Несмотря сад шла старая лепетуха Катя, мать сельского дворника[37][37] и, как иногда в шутку ее прозвали, “старая штафета”.

- Христос воскрес! - кликнула.

- Воистину! - ответила Елена. Старая задержалась.

- Не идете в церковь, паннунцю?

- Пойду чуть позже.

- Идите, идите! Вот была я вчера в госпожа фештерки[38][38], там была и госпожа профессорша[39][39], и нанесла мне вам сказать, чтобы вы пришли ныне к церкви. Должны вам что-то очень важное сказать. А напекли там вновь!.. Боженьку, на полмили слышать тот запах! Но ведь там вновь и гостей!

- Кто прибыл?

- Сестра какая-то помершої фештерки, той первой, видите ли, ее мать; дочь фештерового брата женщины; молодой господин фештер с хорошими лошадьми и седым шляпой, то ушедшей в прошлое воскресенье был у вас. Все забываю, каково его имя. Моя голова старая. Какое-то очень панство из города, то ее господин от людей налоги собирает и кладет вместе; какой-то господин цесарский, видите, саблю носит. Но теперь иду. Хотела лишь сказать. Хочу также пойти в церковь, должен однако вперед си писаночки занести моим унучатам. Нате и вам одну; ся желтая, красная, мне дорого стоила. Итак, идите, паннунцю, в церковь и помолитесь св. Николаеве, чтобы дал, чтобы вы уже сегодня за год освященное сами не ели, а с мужем и детьми. Не годится сидеть в девках сторонку[40][40]. Бог и святые пусть дадут моему Ивану небо... Он был хороший человек и хозяин. А любил меня, любил!! Боженьку! Уже как было меня часто бьет. Только как поженились, то думала, вот теперь твой час, Катре! Все, видите ли, зачерез то, что без его разрешения на танец забегала...

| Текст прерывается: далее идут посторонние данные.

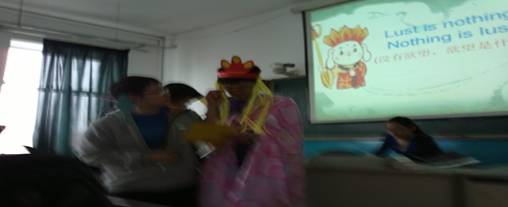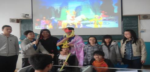 2011级经济管理学院会计1班王宁、田昊、于洋等同学于2012年4月19日英语课上进行了英语话剧表演——“新三打白骨精”,取得了很好的效果。学生精心改编了经典片段“三打白骨精”,加入了斗地主、流行语等现代因素,并制作了幻灯片,还加入了现代音乐、西游记的主题曲等等。演员精心编排了武打动作,丰富了故事情节,自制的道具使整个话剧更加形象生动。整个话剧诙谐幽默,演员的表演十分到位,使同学们在开怀大笑的同时也练习了英语口语和听力,也使演员们增强了英语表达的自信并提高了表演才能。这次英语话剧演出对于学生来说是一个很好的锻炼机会,使他们意识到学习英语不只是为了应付考试,更重要的是应用实际交际中,从一点一滴学习英语、练习英语,才能实现学英语的真正目的。

- Заслужили,-сьте, когда так...

- И почему нет? Если бы был мной не сокрушался, то и не бил бы. Не зря говорят: “женщина не битый, а коса не клепаная - одно и то же”! Однажды то полежала я три воскресенья. А с моих волос осталась почти половина в его руке, но-потому я и волосы имела!!.

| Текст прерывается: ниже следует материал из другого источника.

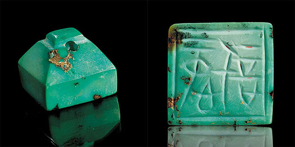 A turquoise seal and its stamp from the pre-Qin period (before 221 BC), with two characters zhong xin ("loyalty" and "trustworthiness"). [Photo provided to China Daily]

- Идите, Катре, идите; вы вновь пересаджуєте!

- Да? Пересаживаю? Дай, боже, столько счастья моим детям и унукам, сколько лжи я наговорила! С места самые рушуся, когда это неправда! Но мужу можно такое делать, на то он и мужчина... Земля пай му пером станет! Что касается меня, - добавила вдруг громким шепотом, около приступая к Елене, - то я вам желаю за то, что читали письма от моей дочери, чтобы вы стали госпожой молодого господина фештера. Слышу, купил опять от господина барона с П. яловицю. Два года прошло ей весной. Красная с белыми заплатами... за восемьдесят пять с. г.[41][41] Такой еще наше село, пожалуй, и не виділо. Ну, но зато уж она и от барона... Теперь бегу дальше.

Она поступила пару шагов вперед, растаяла однако вновь, как вкопанная.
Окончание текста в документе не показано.